[PATCH 1/2] nvmet-rdma: avoid circular locking dependency on install_queue()
Sagi Grimberg
sagi at grimberg.me
Mon Dec 4 04:46:53 PST 2023
On 12/4/23 14:31, Hannes Reinecke wrote:
> On 12/4/23 12:57, Sagi Grimberg wrote:
>>
>>
>> On 12/4/23 13:49, Hannes Reinecke wrote:
>>> On 12/4/23 11:19, Sagi Grimberg wrote:
>>>>
>>>>
>>>> On 11/20/23 15:48, Sagi Grimberg wrote:
>>>>>
>>>>>>> According to 777dc82395de ("nvmet-rdma: occasionally flush ongoing
>>>>>>> controller teardown") this is just for reducing the memory
>>>>>>> footprint.
>>>>>>> Wonder if we need to bother, and whether it won't be better to
>>>>>>> remove
>>>>>>> the whole thing entirely.
>>>>>>
>>>>>> Well, Sagi added it, so I'll let him chime in on the usefulness.
>>>>>
>>>>> While I don't like having nvmet arbitrarily replying busy and instead
>>>>> have lockdep simply just accept that its not a deadlock here, but
>>>>> we can
>>>>> simply just sidetrack it as proposed I guess.
>>>>>
>>>>> But Hannes, this is on the other extreme.. Now every connect that
>>>>> nvmet
>>>>> gets, if there is even a single queue that is disconnecting (global
>>>>> scope), then the host is denied. Lets give it a sane backlog.

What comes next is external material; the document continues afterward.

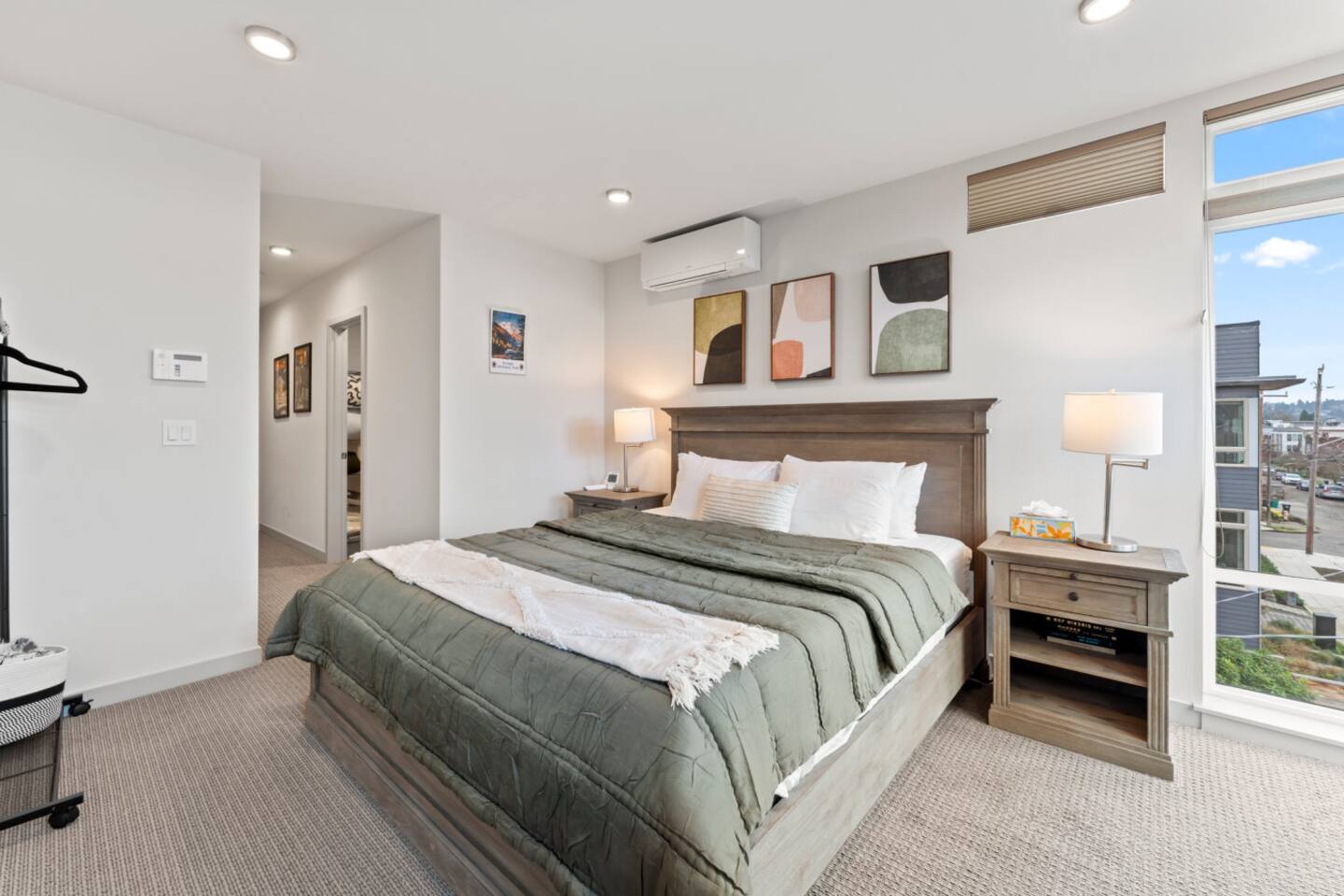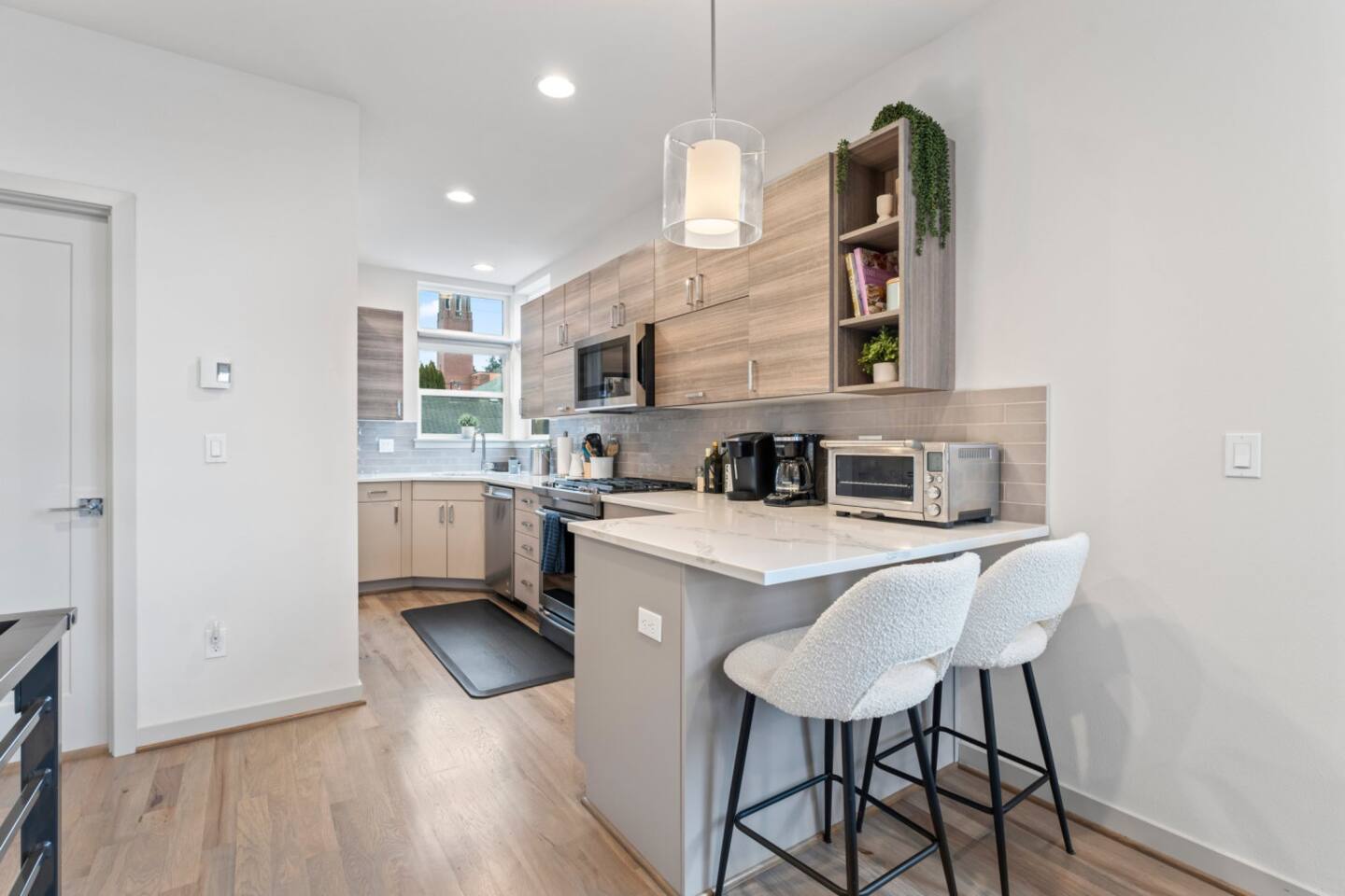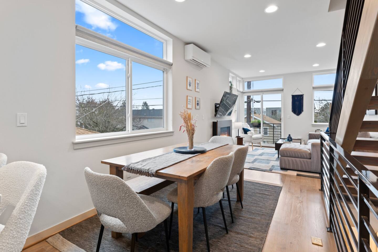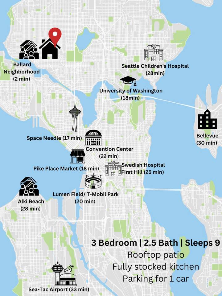 Welcome to your stylish retreat in the heart of Seattle’s vibrant Ballard neighborhood! This thoughtfully designed townhome offers four levels of comfort, convenience, and luxury, perfect for your next getaway. The Space: Step inside and explore the spacious layout: • First Floor: The entry-level features a cozy twin bunk room, ideal for kids or additional guests, alongside a full bathroom for convenience. You’ll also find a versatile bedroom with a blue couch, offering flexibility for lounging or sleeping. • Second Floor: The main living space boasts a bright and open floor plan. A fully equipped kitchen with modern appliances and ample counter space makes cooking a breeze, while the adjoining living room is perfect for relaxing or entertaining. A half bath is also located on this floor. • Third Floor: Retreat to the luxurious master bedroom featuring a plush bed and an en suite master bathroom. Relax in the spa-like soaking tub after a day of exploring the city. • Fourth Floor: Ascend to the crown jewel of the home: the stunning rooftop patio. Equipped with a gas fire pit, this outdoor oasis offers the perfect spot to unwind. Take in breathtaking views of the Seattle skyline and enjoy memorable evenings under the stars. Prime Location: Situated in Ballard, one of Seattle’s most sought-after neighborhoods, this home puts you close to everything. Explore the lively local scene with its eclectic shops, craft breweries, and exceptional dining options. A short drive or bus ride connects you to Seattle’s iconic attractions like Pike Place Market, the Space Needle, and Discovery Park. Amenities: • Rooftop patio with gas fire pit • Fully stocked kitchen and spacious living areas • Master suite with soaking tub • High-speed WiFi and smart TV • Washer and dryer Whether you’re here for a weekend getaway, business, or an extended stay, this home offers the perfect combination of luxury, space, and location. Book your stay today and experience Seattle at its best!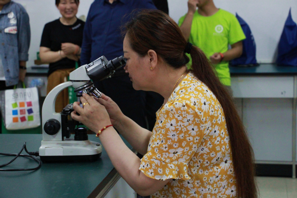图为环生学院的家长正在用显微镜观察细菌标本 摄影:柳康龙

>>>>> We use rdma_listen backlog of 128, so maybe stick with this magic
>>>>> number... This way we are busy only if more than 128 queues are
>>>>> tearing
>>>>> down to prevent the memory footprint from exploding, and hopefully
>>>>> it is
>>>>> rare enough that the normal host does not see an arbitrary busy
>>>>> rejection.
>>>>>
>>>>> Same comment for nvmet-tcp.
>>>>
>>>> Hey Hannes, anything happened with this one?
>>>>
>>>> Overall I think that the approach is fine, but I do think
>>>> that we need a backlog for it.
>>>
>>> Hmm. The main issue here is the call to 'flush_workqueue()', which
>>> triggers the circular lock warning. So a ratelimit would only help
>>> us so much; the real issue is to get rid of the flush_workqueue()
>>> thingie.
>>>
>>> What I can to is to add this:
>>>
>>> diff --git a/drivers/nvme/target/tcp.c b/drivers/nvme/target/tcp.c
>>> index 4cc27856aa8f..72bcc54701a0 100644
>>> --- a/drivers/nvme/target/tcp.c
>>> +++ b/drivers/nvme/target/tcp.c
>>> @@ -2119,8 +2119,20 @@ static u16 nvmet_tcp_install_queue(struct
>>> nvmet_sq *sq)
>>> container_of(sq, struct nvmet_tcp_queue, nvme_sq);
>>>
>>> if (sq->qid == 0) {
>>> + struct nvmet_tcp_queue *q;
>>> + int pending = 0;
>>> +
>>> /* Let inflight controller teardown complete */
>>> - flush_workqueue(nvmet_wq);
>>> + mutex_lock(&nvmet_tcp_queue_mutex);
>>> + list_for_each_entry(q, &nvmet_tcp_queue_list,
>>> queue_list) {
>>> + if (q->nvme_sq.ctrl == sq->ctrl &&
>>> + q->state == NVMET_TCP_Q_DISCONNECTING)
>>> + pending++;
>>> + }
>>> + mutex_unlock(&nvmet_tcp_queue_mutex);
>>> + /* Retry for pending controller teardown */
>>> + if (pending)
>>> + return NVME_SC_CONNECT_CTRL_BUSY;
>>> }
>>>
>>> which then would only affect the controller we're connecting to.
>>> Hmm?
>>
>> Still I think we should give a reasonable backlog, no reason to limit
>> this as we may hit this more often than we'd like and the sole purpose
>> here is to avoid memory overrun.
>
> So would 'if (pending > tcp_backlog)' (with eg tcp_backlog = 20) fit the
> bill here?
Yes I think so, we already place a listen backlog, so maybe we can reuse
that as NVME_TCP_BACKLOG or something. The same should apply to nvme-rdma.